| Edito
"Mille
maisons + Une"
"Tout l'effet d'annonce est là : dans le dévoilement ou la révélation
soudaine à un individu bien précis d'un lieu où, imagine-t-il, vivre lui
serait possible"
Marc Augé, Domaines et châteaux (Seuil, 1989)
Poème à la banalité d’habiter quelque part ou fiction productive que
nous avons laissé proliférer ? Par tacite contrat, nous postulerons
qu’elle existe, a existé ou existera… et qu’elle est unique ! De toutes
les maisons que nous avons fréquentées, il en est une et une seule à
laquelle nous sommes attachés plus qu’à toute autre par des liens ténus,
obscurs, presque invisibles : une lumière, une exposition dans l’espace,
une couleur, une odeur, un sentiment de sécurité et de bien-être. La
mémoire en a sauvé quelques images, des moments, des habitudes. Je me
souviens qu’ici, sur ce mur, il y avait la pompe et que dans ce hangar
était suspendue une balançoire que l’on se disputait entre enfants du
voisinage… et le puits au fond du jardin…
C’est tout un art d’élire cette maison-là, de la reconnaître pour
sienne, de s’y installer après l’avoir rêvée. Inscrite dans le paysage,
elle s’inscrit en nous, et nous y inscrit à notre tour. L’occuper ne
suffit pas, il faut aussi l’apprivoiser ! Elle est inaccessible dans sa
totalité. On y a pénétré par le jeu d’un détail. On a ressenti le poids
de ses murs, deviné peut-être la présence de quelque fantôme tutélaire.

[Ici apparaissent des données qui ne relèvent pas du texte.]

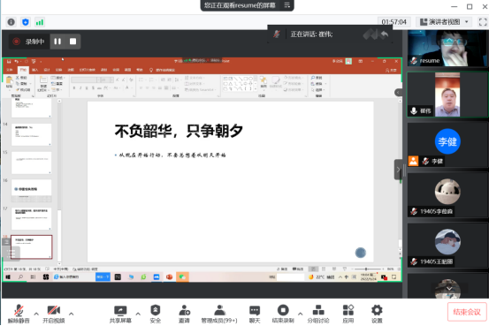 5月28日,为了帮助同学们确定未来的发展目标,解决就业方面的各种疑问,日语系特举办实习就业经验交流会,邀请大四的任浩永同学通过腾讯会议为大一、大二、大三的同学们做了经验分享。任浩永同学和其他5位大四员工已经通过外院日语系实习就业基地进入世界500强企业实习。

Il y a ce qu’on en montre et ce qui reste intime ; ce qui se voit de
l’extérieur, et ce qui, de manière singulière, se vit à l’intérieur.
Tout témoigne d’un ardent désir d’abri et de protection, mais aussi de
projets rendus possibles par la présence même de ce lieu propre. Si l’on
s’adapte à elle et elle à nous, la maison devient notre deuxième peau
(la peau, les murs, même combat !), jusqu’à nous représenter et ne faire
plus qu’un (si, si, cette symbiose se produit plus souvent qu’on ne
croit !). Entre elle et nous, le dialogue s’engage et se poursuit au gré
des réalités de l’existence.
Evoquer la maison, c’est être conscient que l’on découpe dans le vaste
monde une petite carte mentale revêtue d’une subjectivité subtile. Le
mot engendre sans difficultés récits et souvenirs. Il dit un rapport au
temps, à l’espace, aux régimes diurnes et nocturnes de la vie, aux êtres
et aux choses, au travail et à la langue, à la possession et à la perte.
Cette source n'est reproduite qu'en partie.